Джордано говорил, что Моисей был коварнейшим магом и легко победил магов фараона, будучи более опытным в магическом искусстве. И что он лгал, будто бы говорил с богом на горе Синай, и что данный им еврейскому народу закон был выдуман и измышлен им самим.

Разумеется, поэт-философ — не первопроходец. Моисея обличали гностики, в том числе христианские. Мысли о нём как одном из трёх обманщиков (ещё два — Христос и Магомет) высказывались в Средние века. По доносу Бейнза трудно понять, каким был подход Марло. Кого он видел в пророке? Коварного мага? Властолюбивого манипулятора? Или это было для него одно и то же? Теперь цитата из первого доноса Мочениго (Агни // Р.):

Я слышал от Джордано много раз в моём доме, что Христос был злодеем и что ему легко было предсказать, что его повесят, раз он совершал скверные дела, совращая народы. И что Христос творил лишь мнимые чудеса и был магом, как и апостолы. И что он сам мог бы совершить столько же и даже больше. Что Христос проявил нежелание умирать и избежал бы смерти, если бы только сумел. // Он рассказывал о своём намерении стать основателем новой секты под названием «новая философия». Он говорил, что дева не могла родить и что наша католическая вера преисполнена кощунствами против величия божия; что надо прекратить богословские препирательства и отнять доходы у монахов, ибо они позорят мир; <...> что он удивляется, как бог терпит столько ересей католиков.

Но в то же время, говоря (Агни), «что такое состояние мира не может далее продолжаться, ибо в нём царит одно лишь невежество и нет настоящей веры», Ноланец добавлял, «что католическая нравится ему больше других», а в разговоре с Мочениго «о сектах, существующих в Германии и Англии», он «ругал Лютера и Кальвина и других основателей ересей». Английская разведывательная служба следила за Бруно. Когда он только собрался переехать на остров, английский посол во Франции сразу же сообщил об этом Фрэнсису Уолсингему (Р.): «Синьор доктор Джордано Бруно Ноланец, профессор философии, о религиозных взглядах которого не могу дать хорошего отзыва, намеревается ехать в Англию». Письмо отправлено 28 марта 1583 года. Не исключено, что Марло узнал о намерении синьора доктора в первых числах апреля... Считается, что в студенческие времена поэт успел побыть антикатолическим разведчиком. Начиная (Пр., 1996)

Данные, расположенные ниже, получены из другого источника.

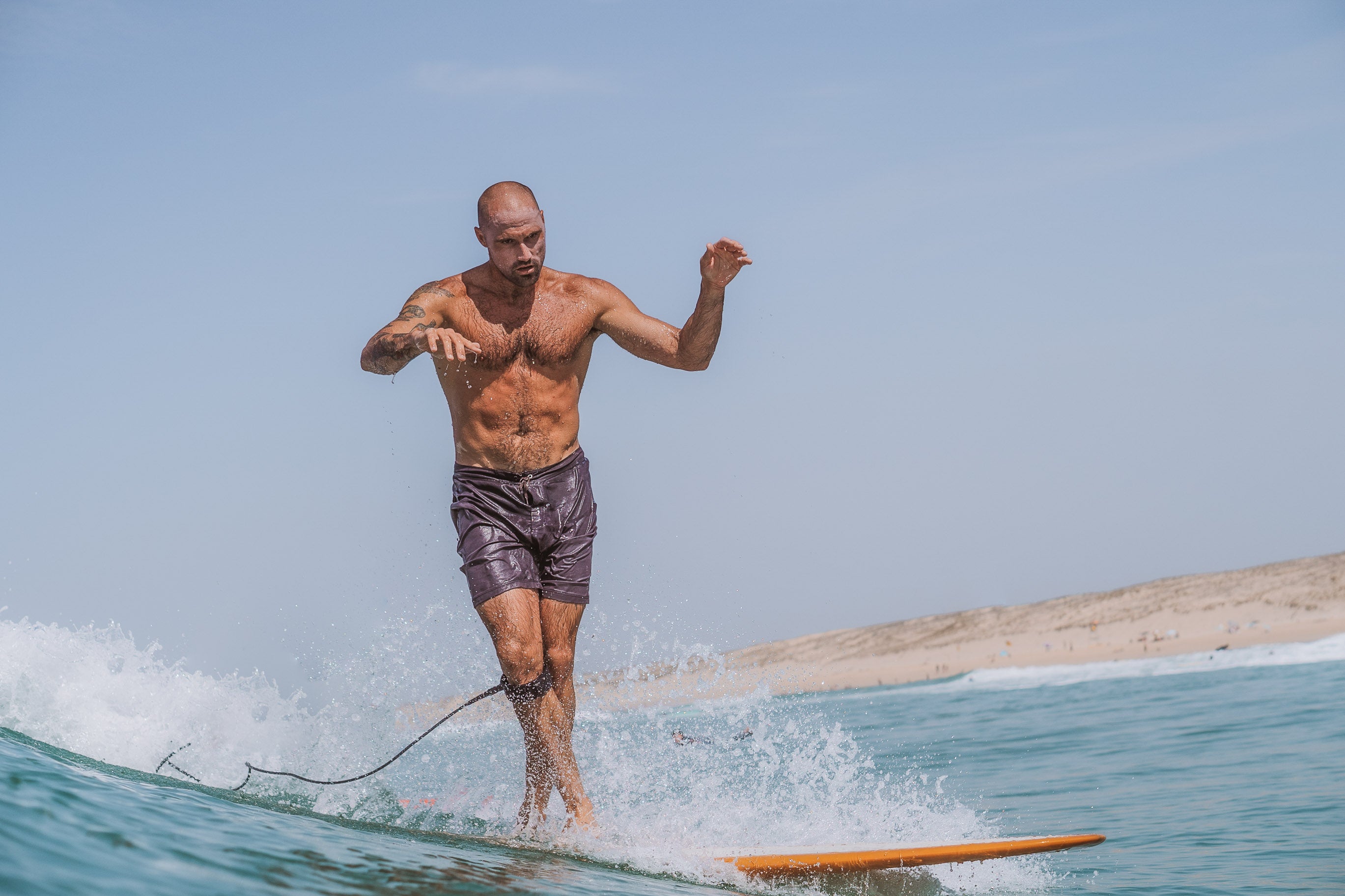Er kennt alle Schwierigkeiten, die Surfen lernen, da er nur ein paar Wochen im Jahr surfen und Unterricht nehmen kann. Das macht es zu einer echten Herausforderung, eine gleichmäßige Lernkurve zu erreichen.

с лета 1582 года Марло часто находился в продолжительных отлучках. В одну из них он побывал в Кентербери, в других случаях цель и место назначения его поездок неизвестны. В марте 1587 года, когда Марло был готов к сдаче экзаменов на степень магистра, разрешения на это не было дано. В конце июня того же года из Тайного Совета, высшего государственного органа при королеве, в университет [Кембриджский] было направлено письмо, где говорилось, что слухи о намерении Марло эмигрировать в Реймс необоснованны; что Марло оказал королеве немаловажные услуги и занят делами, касающимися блага своей страны. Тайный Совет требовал присуждения Марло степени магистра во время ближайшего торжественного акта. Требование было выполнено, и уже в июле степень была присуждена. Очевидно, что Марло совмещал занятия в университете с работой контрразведчика (так как в Реймсе готовили агентов для организации в Англии католических заговоров против Елизаветы I).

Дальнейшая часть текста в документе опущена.